*** INPUT ***

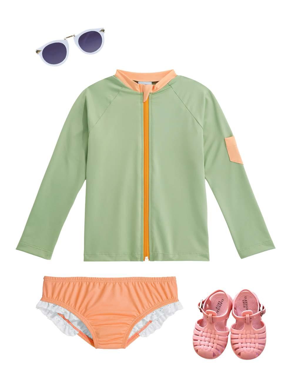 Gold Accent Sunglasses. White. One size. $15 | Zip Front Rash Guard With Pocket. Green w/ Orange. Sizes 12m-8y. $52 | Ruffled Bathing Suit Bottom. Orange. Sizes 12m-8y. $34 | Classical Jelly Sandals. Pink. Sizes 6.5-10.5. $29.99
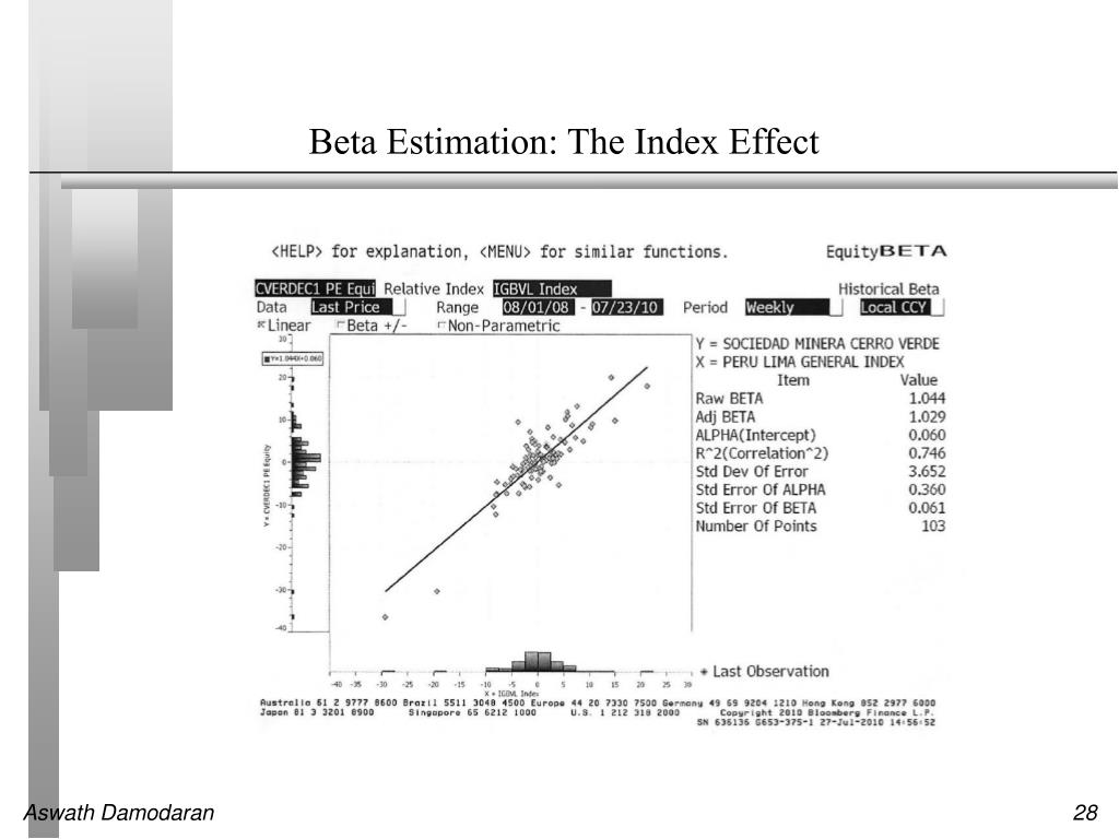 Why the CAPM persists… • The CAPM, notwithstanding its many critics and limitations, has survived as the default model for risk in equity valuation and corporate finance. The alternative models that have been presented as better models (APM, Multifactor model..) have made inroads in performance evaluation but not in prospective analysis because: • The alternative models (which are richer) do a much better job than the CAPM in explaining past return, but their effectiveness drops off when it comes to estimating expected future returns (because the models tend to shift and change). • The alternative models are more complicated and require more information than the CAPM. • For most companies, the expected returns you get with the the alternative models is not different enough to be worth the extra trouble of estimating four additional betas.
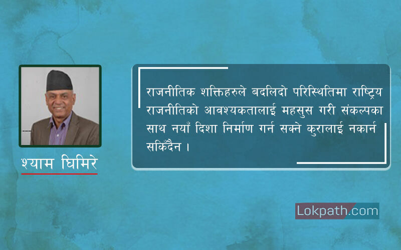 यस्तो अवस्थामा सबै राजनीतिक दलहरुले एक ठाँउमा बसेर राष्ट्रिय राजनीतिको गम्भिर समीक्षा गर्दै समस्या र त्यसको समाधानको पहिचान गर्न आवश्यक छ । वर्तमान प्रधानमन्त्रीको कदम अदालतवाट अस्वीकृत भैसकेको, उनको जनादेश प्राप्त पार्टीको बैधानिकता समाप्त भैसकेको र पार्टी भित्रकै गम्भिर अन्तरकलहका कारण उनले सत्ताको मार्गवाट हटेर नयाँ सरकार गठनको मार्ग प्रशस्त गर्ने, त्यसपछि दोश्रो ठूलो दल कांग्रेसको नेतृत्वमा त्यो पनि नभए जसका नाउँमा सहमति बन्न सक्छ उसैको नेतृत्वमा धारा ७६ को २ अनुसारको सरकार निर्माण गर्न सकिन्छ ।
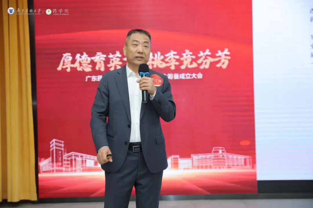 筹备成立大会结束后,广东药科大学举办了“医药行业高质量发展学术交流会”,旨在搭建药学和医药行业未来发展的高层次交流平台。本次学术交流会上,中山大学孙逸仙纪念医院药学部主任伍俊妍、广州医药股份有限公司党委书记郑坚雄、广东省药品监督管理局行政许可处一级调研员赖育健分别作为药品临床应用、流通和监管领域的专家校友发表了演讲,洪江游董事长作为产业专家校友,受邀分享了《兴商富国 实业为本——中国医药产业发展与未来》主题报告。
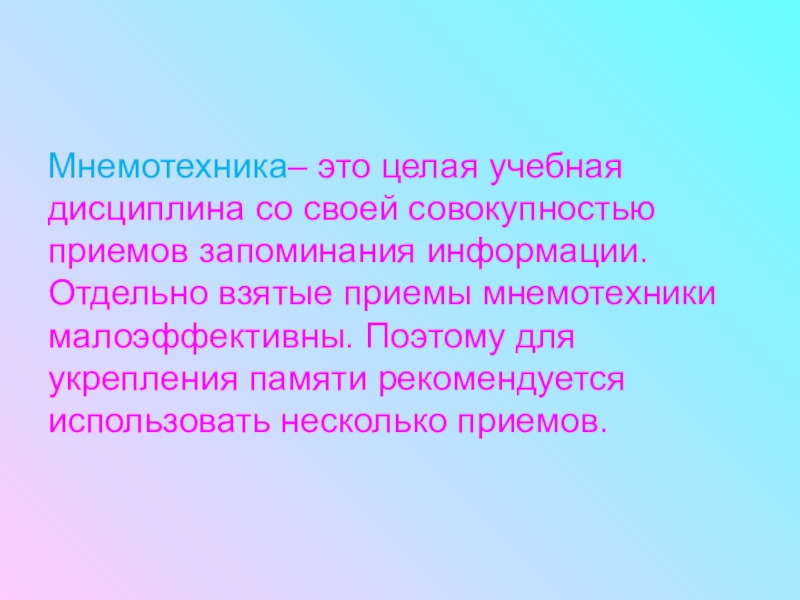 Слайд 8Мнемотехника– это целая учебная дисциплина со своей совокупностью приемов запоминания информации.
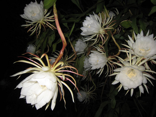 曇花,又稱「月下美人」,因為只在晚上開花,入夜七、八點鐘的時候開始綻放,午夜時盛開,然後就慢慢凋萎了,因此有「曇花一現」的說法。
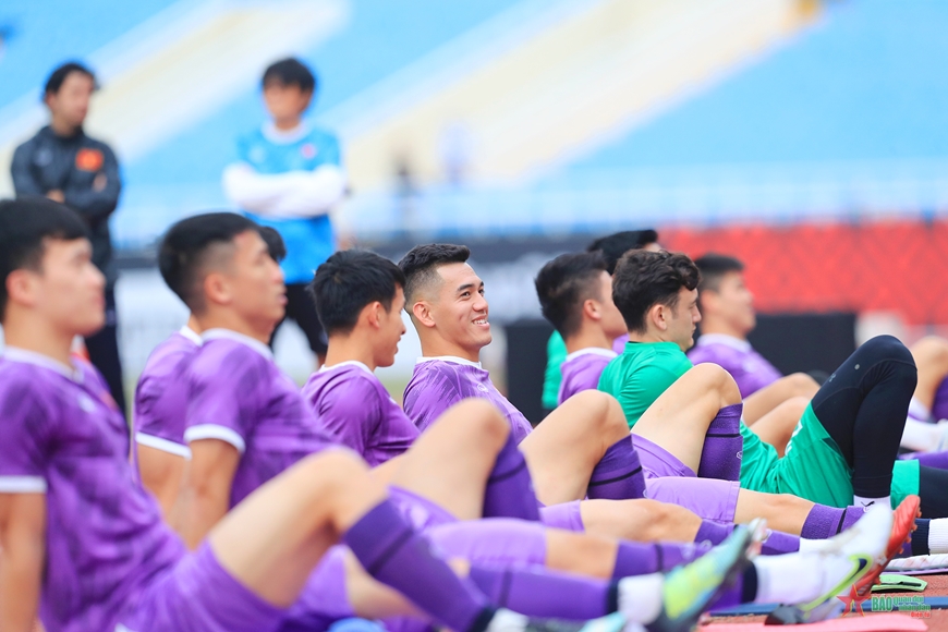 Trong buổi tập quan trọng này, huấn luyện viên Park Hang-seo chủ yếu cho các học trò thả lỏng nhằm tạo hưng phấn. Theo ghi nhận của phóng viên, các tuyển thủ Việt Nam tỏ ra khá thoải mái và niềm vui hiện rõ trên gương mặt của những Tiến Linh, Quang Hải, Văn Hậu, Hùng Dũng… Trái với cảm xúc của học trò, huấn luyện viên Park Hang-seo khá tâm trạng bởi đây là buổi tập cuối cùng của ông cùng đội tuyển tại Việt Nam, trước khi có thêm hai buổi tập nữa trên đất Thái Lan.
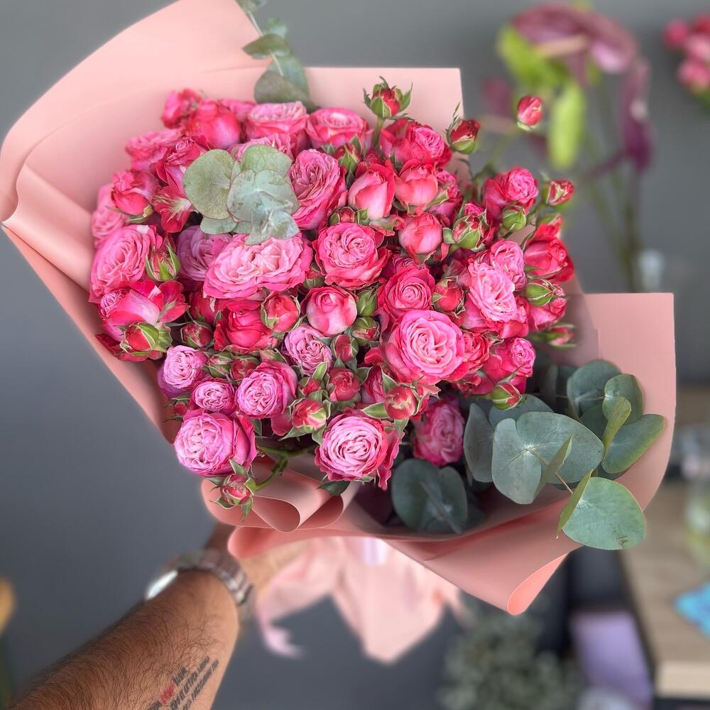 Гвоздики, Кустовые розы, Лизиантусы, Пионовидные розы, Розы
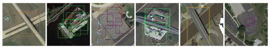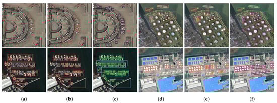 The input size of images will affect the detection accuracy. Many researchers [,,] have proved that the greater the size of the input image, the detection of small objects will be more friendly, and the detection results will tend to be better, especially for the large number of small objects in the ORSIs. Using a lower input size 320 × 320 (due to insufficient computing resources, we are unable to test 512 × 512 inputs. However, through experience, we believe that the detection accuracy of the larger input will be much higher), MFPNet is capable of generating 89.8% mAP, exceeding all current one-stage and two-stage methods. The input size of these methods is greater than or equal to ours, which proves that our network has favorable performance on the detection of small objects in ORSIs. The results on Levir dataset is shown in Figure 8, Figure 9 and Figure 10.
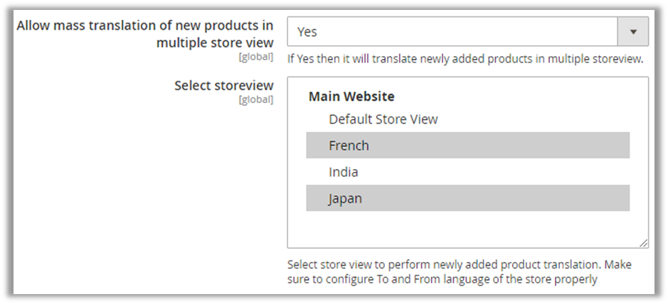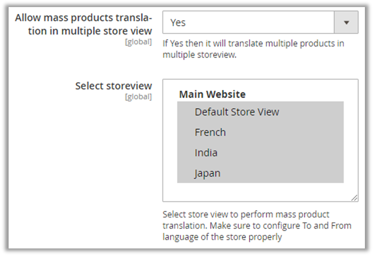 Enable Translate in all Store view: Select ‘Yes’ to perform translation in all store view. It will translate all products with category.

*** End of INPUT ***

§ **PROBLEM**
Reproduce exactly the lines of the data above that run from the line with "筹备成立大会结束后,广东药科" down to the line with "Гвоздики, Кустовые розы, Лизиантусы, Пионовидные", both ends included. Pictures do not belong in the copy.

§ **RESPONSE AREA**
 筹备成立大会结束后,广东药科大学举办了“医药行业高质量发展学术交流会”,旨在搭建药学和医药行业未来发展的高层次交流平台。本次学术交流会上,中山大学孙逸仙纪念医院药学部主任伍俊妍、广州医药股份有限公司党委书记郑坚雄、广东省药品监督管理局行政许可处一级调研员赖育健分别作为药品临床应用、流通和监管领域的专家校友发表了演讲,洪江游董事长作为产业专家校友,受邀分享了《兴商富国 实业为本——中国医药产业发展与未来》主题报告。
 Слайд 8Мнемотехника– это целая учебная дисциплина со своей совокупностью приемов запоминания информации.
 曇花,又稱「月下美人」,因為只在晚上開花,入夜七、八點鐘的時候開始綻放,午夜時盛開,然後就慢慢凋萎了,因此有「曇花一現」的說法。
 Trong buổi tập quan trọng này, huấn luyện viên Park Hang-seo chủ yếu cho các học trò thả lỏng nhằm tạo hưng phấn. Theo ghi nhận của phóng viên, các tuyển thủ Việt Nam tỏ ra khá thoải mái và niềm vui hiện rõ trên gương mặt của những Tiến Linh, Quang Hải, Văn Hậu, Hùng Dũng… Trái với cảm xúc của học trò, huấn luyện viên Park Hang-seo khá tâm trạng bởi đây là buổi tập cuối cùng của ông cùng đội tuyển tại Việt Nam, trước khi có thêm hai buổi tập nữa trên đất Thái Lan.
 Гвоздики, Кустовые розы, Лизиантусы, Пионовидные розы, Розы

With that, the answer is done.